Reproduce the entries below exactly, but only from the line containing "PRESENTACION OFICIAL DEL" to the line containing "7. Який вид", inclusive.

== EXERCISE MATERIAL ==
....

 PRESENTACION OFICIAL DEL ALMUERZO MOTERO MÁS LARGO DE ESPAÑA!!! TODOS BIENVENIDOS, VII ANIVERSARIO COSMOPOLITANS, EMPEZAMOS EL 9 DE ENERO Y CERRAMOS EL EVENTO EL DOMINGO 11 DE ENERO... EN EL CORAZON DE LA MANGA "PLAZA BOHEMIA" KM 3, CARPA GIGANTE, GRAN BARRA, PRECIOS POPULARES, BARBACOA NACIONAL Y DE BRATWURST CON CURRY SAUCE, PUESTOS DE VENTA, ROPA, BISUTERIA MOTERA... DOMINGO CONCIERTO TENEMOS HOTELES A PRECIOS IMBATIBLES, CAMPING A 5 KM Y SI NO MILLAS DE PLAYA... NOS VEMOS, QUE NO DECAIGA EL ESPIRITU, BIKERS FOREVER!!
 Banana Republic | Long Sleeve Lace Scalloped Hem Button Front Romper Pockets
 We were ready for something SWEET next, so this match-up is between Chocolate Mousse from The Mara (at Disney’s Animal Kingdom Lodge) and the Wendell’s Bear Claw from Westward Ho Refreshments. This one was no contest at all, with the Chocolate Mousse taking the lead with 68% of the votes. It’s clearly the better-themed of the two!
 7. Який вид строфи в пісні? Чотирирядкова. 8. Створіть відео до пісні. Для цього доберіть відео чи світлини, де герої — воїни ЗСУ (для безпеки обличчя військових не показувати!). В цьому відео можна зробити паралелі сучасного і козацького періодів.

....

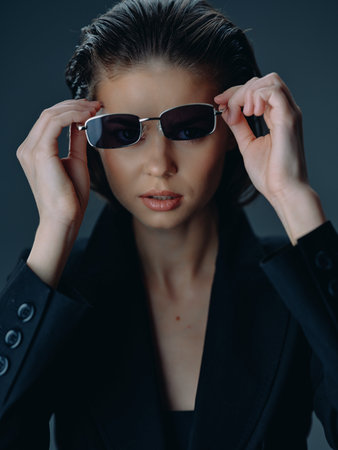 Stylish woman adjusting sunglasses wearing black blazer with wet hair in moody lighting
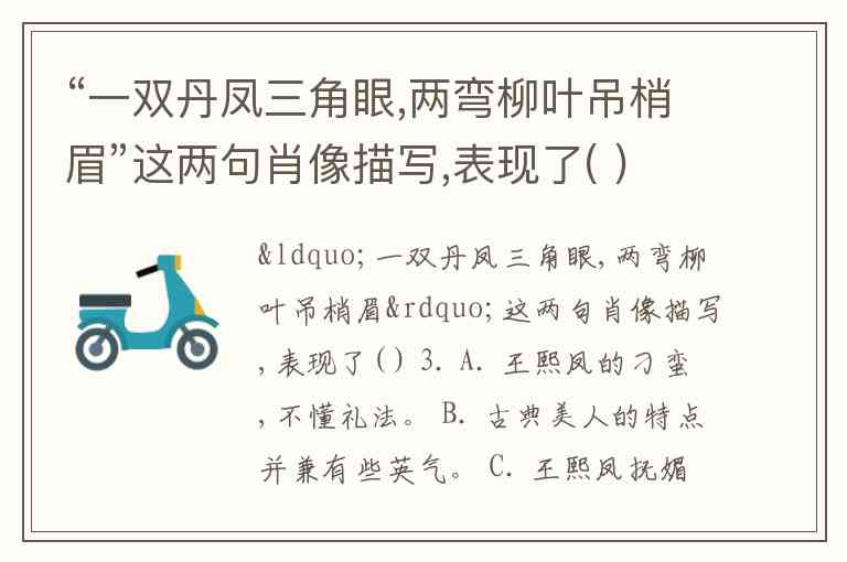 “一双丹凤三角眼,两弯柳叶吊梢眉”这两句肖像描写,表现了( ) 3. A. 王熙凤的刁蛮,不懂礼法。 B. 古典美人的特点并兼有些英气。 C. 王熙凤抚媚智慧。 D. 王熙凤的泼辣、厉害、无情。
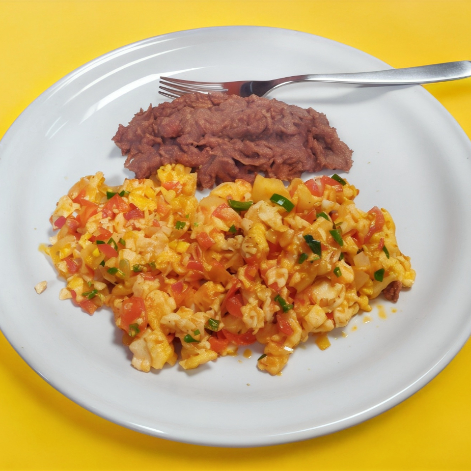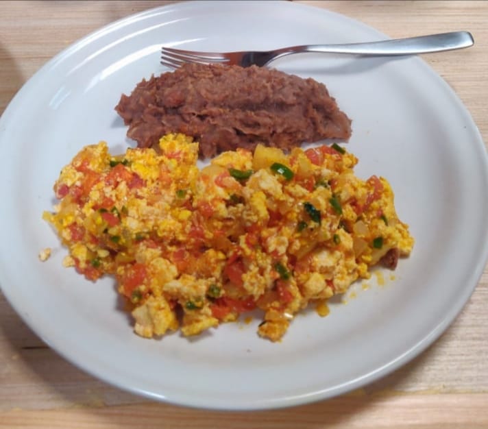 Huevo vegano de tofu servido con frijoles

....

== WRITTEN ANSWER ==
 PRESENTACION OFICIAL DEL ALMUERZO MOTERO MÁS LARGO DE ESPAÑA!!! TODOS BIENVENIDOS, VII ANIVERSARIO COSMOPOLITANS, EMPEZAMOS EL 9 DE ENERO Y CERRAMOS EL EVENTO EL DOMINGO 11 DE ENERO... EN EL CORAZON DE LA MANGA "PLAZA BOHEMIA" KM 3, CARPA GIGANTE, GRAN BARRA, PRECIOS POPULARES, BARBACOA NACIONAL Y DE BRATWURST CON CURRY SAUCE, PUESTOS DE VENTA, ROPA, BISUTERIA MOTERA... DOMINGO CONCIERTO TENEMOS HOTELES A PRECIOS IMBATIBLES, CAMPING A 5 KM Y SI NO MILLAS DE PLAYA... NOS VEMOS, QUE NO DECAIGA EL ESPIRITU, BIKERS FOREVER!!
 Banana Republic | Long Sleeve Lace Scalloped Hem Button Front Romper Pockets
 We were ready for something SWEET next, so this match-up is between Chocolate Mousse from The Mara (at Disney’s Animal Kingdom Lodge) and the Wendell’s Bear Claw from Westward Ho Refreshments. This one was no contest at all, with the Chocolate Mousse taking the lead with 68% of the votes. It’s clearly the better-themed of the two!
 7. Який вид строфи в пісні? Чотирирядкова. 8. Створіть відео до пісні. Для цього доберіть відео чи світлини, де герої — воїни ЗСУ (для безпеки обличчя військових не показувати!). В цьому відео можна зробити паралелі сучасного і козацького періодів.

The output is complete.